Information from Highland Council Education Service about Closing the Poverty-Related Attainment Gap

Information from Highland Council Education Service about Closing the Poverty-Related Attainment Gap

What is this?

​A list of useful websites which contain research-based information on the poverty-related attainment gap. It is not intended to be a comprehensive list of websites and does not indicate any endorsement of the content by The Highland Council. However, it may be a useful starting point in finding research-based information to inform your own work in tackling the attainment gap.

Who is this for?

​Teachers, practitioners, local authority staff, educational psychologists and others who are involved in considering how knowledge, for instance from research, can be applied to build capacity for improvement.

Links

Best Evidence Synthesis (BES) Programme, New Zealand Ministry of Education

The BES Programme aims to synthesise trustworthy evidence about what works and what makes a bigger difference in education, with a particular focus on strategies that make a difference for all learners – including those from disadvantaged backgrounds. The site contains the original research reports as well as research-based exemplars in areas such as reciprocal teaching and communities of mathematical enquiry.

Education Endowment Foundation (EEF)

The Education Endowment Foundation carries out primarily experimental research which aims to work out which strategies are most effective in breaking the link between family income and educational attainment. The research evidence contributes to the Sutton Trust-EEF Teaching and Learning Toolkit, which aims to support schools in using their resources to improve pupil attainment.

Effective Pre-School, Primary and Secondary Education (EPPSE)

Provides an overview of the EPPSE study in England, a longitudinal study which has been tracking the progress and development of more than 3,000 children from pre-school to post-compulsory education. There are a number of useful findings on the poverty-related attainment gap, for instance why some children from disadvantaged backgrounds succeed ‘against the odds’.

Growing Up in Scotland (GUS)

Growing up in Scotland is a longitudinal study which has been tracking the lives of thousands of children and their families in Scotland from birth through to the teenage years and beyond. There are important research findings relating to the impact of poverty on educational and other outcomes, for instance how the impact of disadvantage can be mitigated by children experiencing a wide range of activities in the early years.

Institute for Effective Education, University of York

The Institute for Effective Education undertakes research into effective educational programmes, with a particular focus on improving educational outcomes for young people from disadvantaged backgrounds. There are a range of publications on the site, including Best Evidence in Brief, a free fortnightly e-newsletter of education research news.

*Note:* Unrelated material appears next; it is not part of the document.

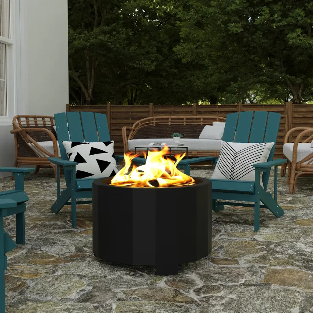 Merrick Lane 27" Portable Black Finished Steel Smokeless Wood Burning Outdoor Firepit With Waterproof Cover
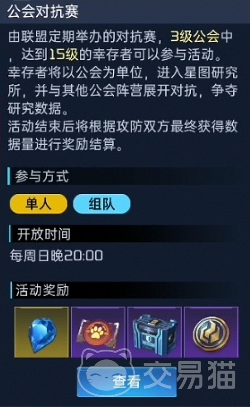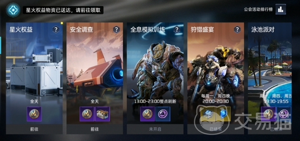参与星火权益、狩猎盛宴、安全调查、荒诞游戏、全息模拟训练和公会对抗赛。参加公会活动,幸存者可以获得公会贡献,公会可以获得公会繁荣度和公会资金。狩猎盛宴成功击败首领、荒诞游戏成功解救人质以及公会对抗赛取得胜利都可以获得额外红包奖励,其中狩猎盛宴击败首领越多,可分得的红包总额越高哦!

Joseph Rowntree Foundation – Education and Poverty

The Joseph Rowntree Foundation undertakes a large programme of research and development into social issues in the UK. One research programme focuses on education and poverty, and the website currently contains a number of pieces of relevant research exploring how social, educational and economic factors affect learning.

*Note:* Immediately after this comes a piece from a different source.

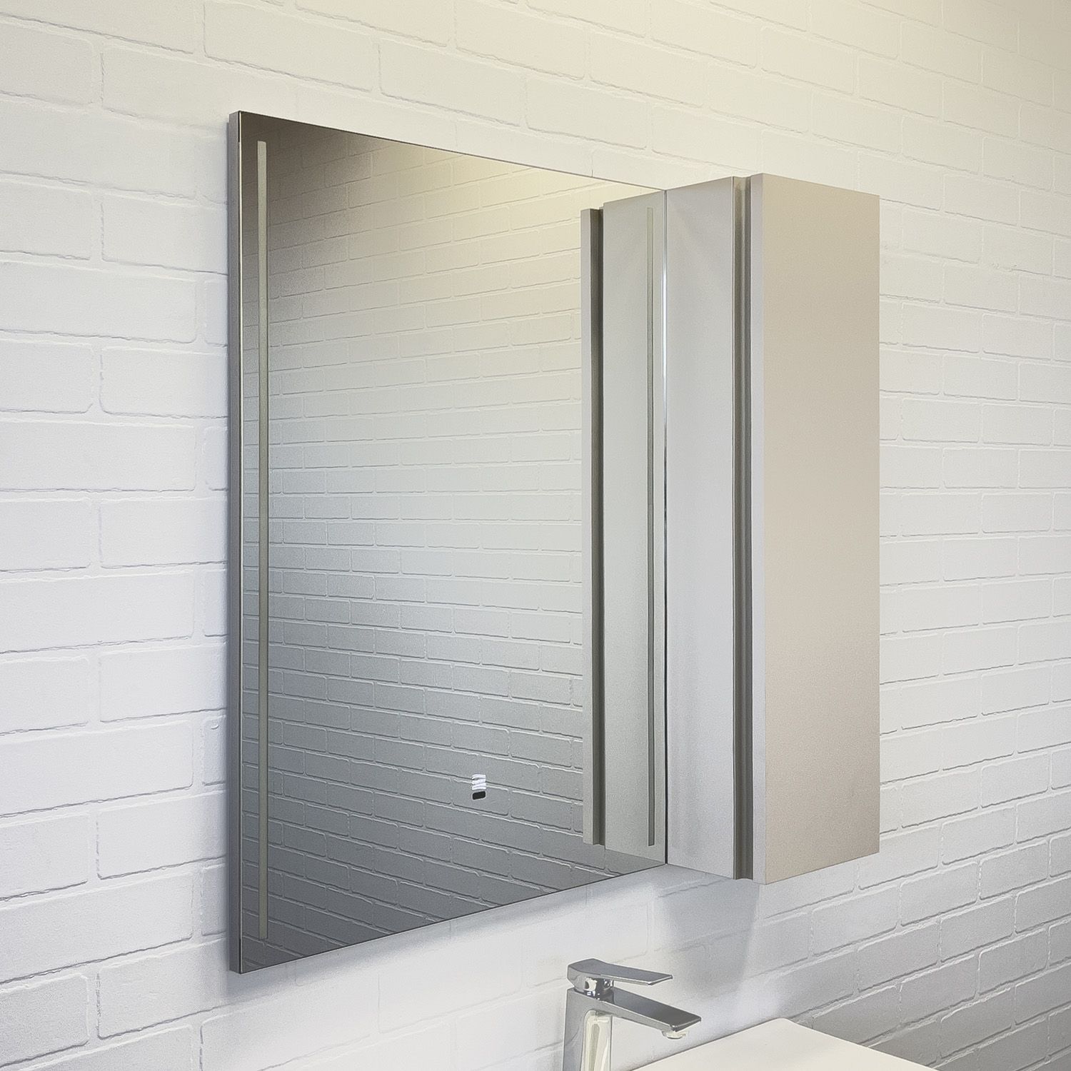 Зеркало-шкаф Comforty Бильбао 00-00014154 80 смЗеркальное высококачественное полотно с амальгамой на основе серебра. Створка оснащена петлями с системой плавного закрывания. За створкой две полки. Открытие створки производится при помощи вертикальной профильной ручки интегрированной в левую боковую стенку шкафчика. Зеркало оборудовано фронтальной LED подсветкой с бесконтактным выключателем со встроенной функцией регулировки яркости. Температура подсветки 6000-6500K холодный свет. Зеркало-шкаф выпускается только с правым размещением мебельного элемента.

Scottish-specific toolkit development​

A Scottish-specific toolkit is planned to support access to national and international research evidence relating to closing the attainment gap.

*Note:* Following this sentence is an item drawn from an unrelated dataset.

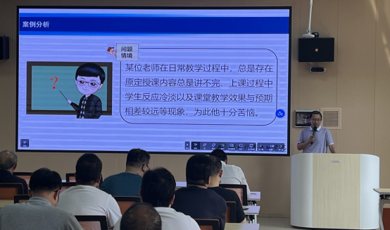 活动伊始,郭一鸣教授通过案例分析,指出了当前教学中存在的问题,引起了在场教师们的共鸣。随后,在有效教学的“五问”环节中,郭教授提出了“定目标、想办法、做评估”的教学设计原则,鼓励教师们从学生视角出发,制定具体、可衡量的学习目标。并以生动的实例展示了如何将隐性思维显性化、显性思维结构化,以及如何通过故事化和高效化的思维来提升教学效果。

This will be based around the EEF Teaching and Learning Toolkit. The EEF Toolkit provides an accessible summary of educational research designed to inform discussions on the most effective approaches to improving attainment, with a focus on 5-16 year olds and poverty disadvantage. It contains 34 teaching approaches and interventions, each summarised in terms of their average impact on attainment, the strength of the evidence supporting them and their cost.

An initial version of the toolkit has now been made available. This toolkit will be developed over the coming months which will grow to include more Scotland specific content.

This toolkit will be useful for education leaders and practitioners to inform decision making on use of Pupil Equity Funding, raising attainment and improving equity. It can be used in conjunction with the range of interventions and approaches provided above.